Okay. So as I bring up the stored procedure, here’s a look under the covers at the code. Now, if you’re a SQL Server developer out in the audience, you might be thinking, “Now, that doesn’t look like key SQL to me. What’s the deal with these curly braces and these semicolons?” This stored procedure is actually written in a language called C# and this is possible because Yukon hosts the .NET common language runtime. So I can develop my server-side stored procedures in any .NET language.

PAUL FLESSNER: Including Key SQL.

LYLE CURRY: Including Key SQL.

PAUL FLESSNER: Absolutely, okay.

LYLE CURRY: It’s still a first class language for stored procedures, absolutely, and getting stronger all the time. (Laughter.)

PAUL FLESSNER: But maybe C# will be a little better.

LYLE CURRY: Yeah, C#; the point is if your developer gets to work with the language they’re comfortable with, they’re going to be more productive.

PAUL FLESSNER: Right. It’s just important to know we certainly won’t orphan Key Sequel. We’ll keep evolving that and moving it forward as well.

LYLE CURRY: Absolutely.

Let’ go ahead and also I want to point out this tool. This is a really early look at a next generation tool called SQL Workbench. Now ultimately this will replace the tool we know today as Query Analyzer. A couple things I want to point out here are this tool is written entirely in managed code and hosts the Visual Studio .NET shell. So this allows for maximum developer productivity.
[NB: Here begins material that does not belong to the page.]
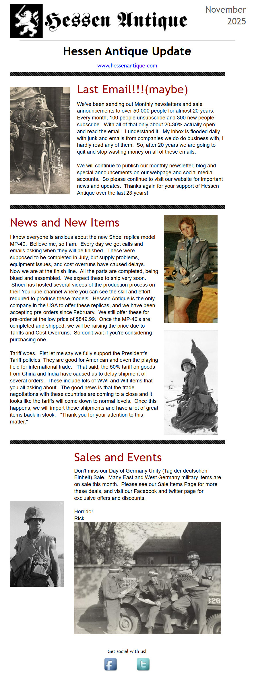 Hessen Antique does not support or represent any organization that promotes hatred or racism. Hessen Antique is a company that offers antiques, historic items and World War II Militaria.

Let’s go ahead and run this stored procedure, and right away you’re going to notice as I type in the execute statement that I picked up some nice productivity benefits from the shell. So here I’ve got Intellisense helping me out with the stored procedure, which I need, and there is a tool tip with all the parameters I can pass into that stored procedure.

PAUL FLESSNER: Wow, that’s great.

LYLE CURRY: Now, I don’t trust myself to type those in; I’ve got to be honest. So I’m going to go ahead and just execute one I’ve already typed in. We’ll run the query, connect to the server and there’s my result set. It’s an XML document. The top of the document contains the query parameters. This is actually exactly the smart tag was passing in when we were showing the front end before. Down below we have the data so here, for instance, is a message.

So what you’ve seen today is the next generation of SQL Server Yukon running and working with XML data, leveraging it across structured, semi-structured, as well as unstructured data, hosting a common language runtime, empowering developers to work with their language of choice and empowering with the flexibility to use the latest and greatest tools that are available.

PAUL FLESSNER: Outstanding. Excellent. Thanks a lot, Lyle. Appreciate.

LYLE CURRY: Thank you. Appreciate it.

(Applause.)

PAUL FLESSNER: So, Yukon is a very important release for us to continue to build on the success of SQL Server. The core kind of themes there are the common language runtime and deep integration of XML and access to lots of different kinds of data.

So we’ve covered a lot this morning. I really appreciate your time and attention. We talked about Web Services and we talked about the .NET Enterprise Servers and we launched a few products, as I said.

I want to encourage all of you to take advantage of Tech Ed and all the deep technical sessions it offers, start building Web Services today, deploy those .NET servers and get ready for Visual Studio.NET.

I thank you all very much for your time and I thank you for your business.